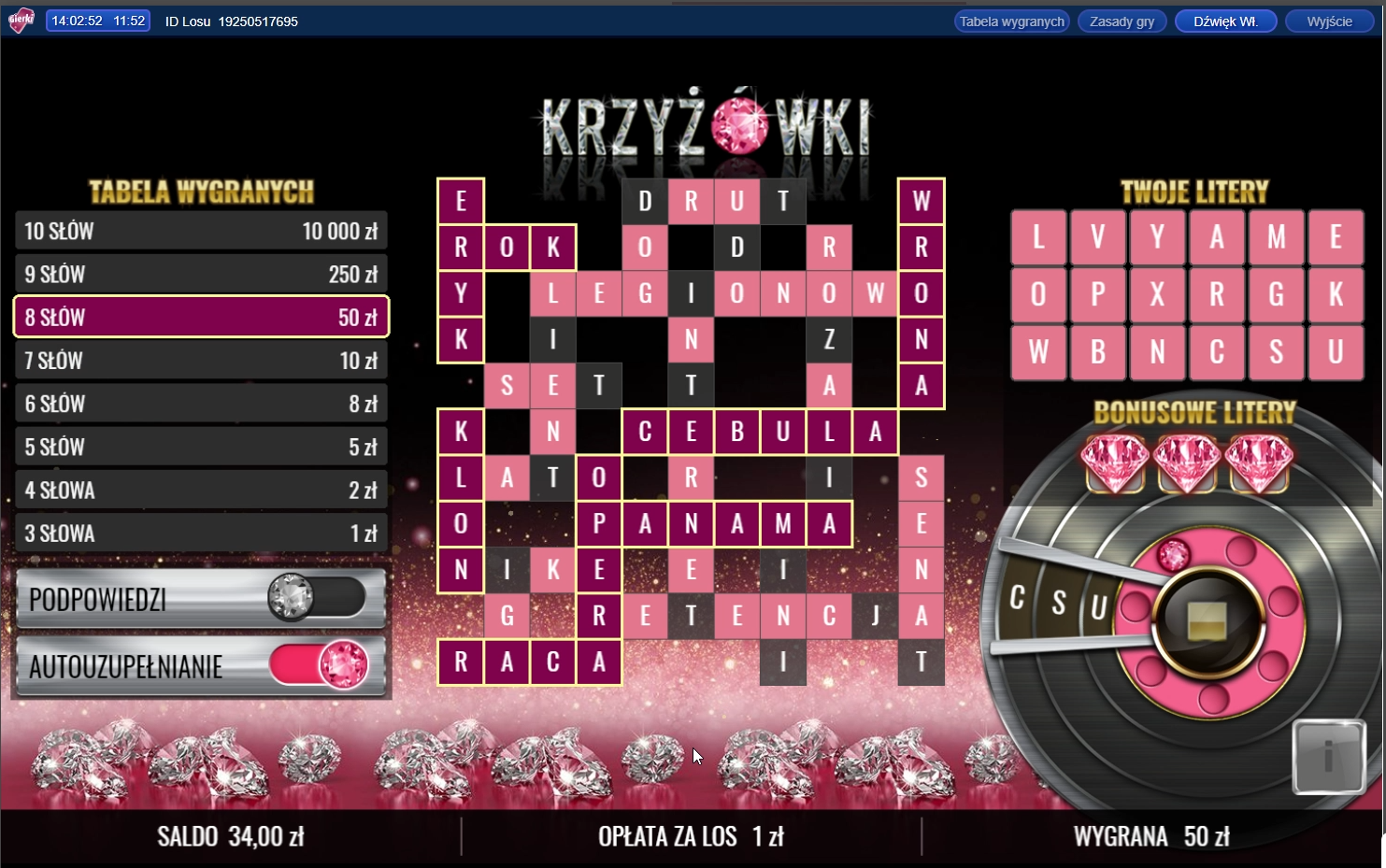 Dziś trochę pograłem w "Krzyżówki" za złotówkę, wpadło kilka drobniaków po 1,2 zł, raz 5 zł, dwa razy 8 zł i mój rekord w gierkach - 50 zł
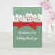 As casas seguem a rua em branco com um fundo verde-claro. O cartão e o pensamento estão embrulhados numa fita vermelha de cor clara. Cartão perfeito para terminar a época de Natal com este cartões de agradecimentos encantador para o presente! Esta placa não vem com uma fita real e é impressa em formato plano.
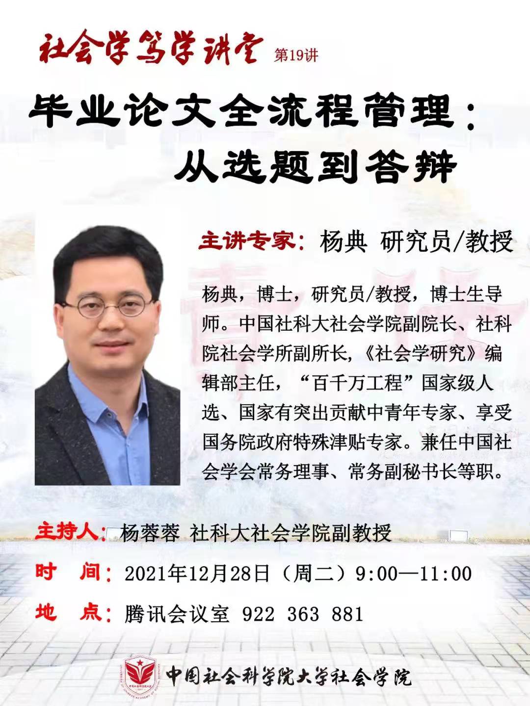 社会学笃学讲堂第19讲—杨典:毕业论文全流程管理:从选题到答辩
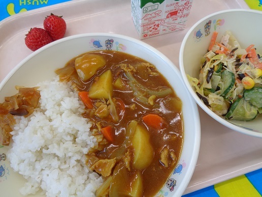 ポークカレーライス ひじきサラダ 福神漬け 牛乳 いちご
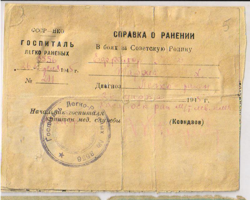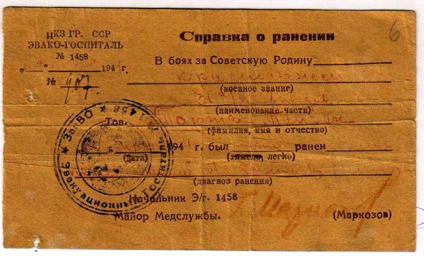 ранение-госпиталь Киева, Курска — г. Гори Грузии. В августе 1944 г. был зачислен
******
* What needs to be done: Beginning with the line that has "ポークカレーライス ひじきサラダ 福神漬け 牛乳 いちご", repeat each remaining line of the data above word for word, keeping pictures out.

* Response to the task:
 ポークカレーライス ひじきサラダ 福神漬け 牛乳 いちご
 ранение-госпиталь Киева, Курска — г. Гори Грузии. В августе 1944 г. был зачислен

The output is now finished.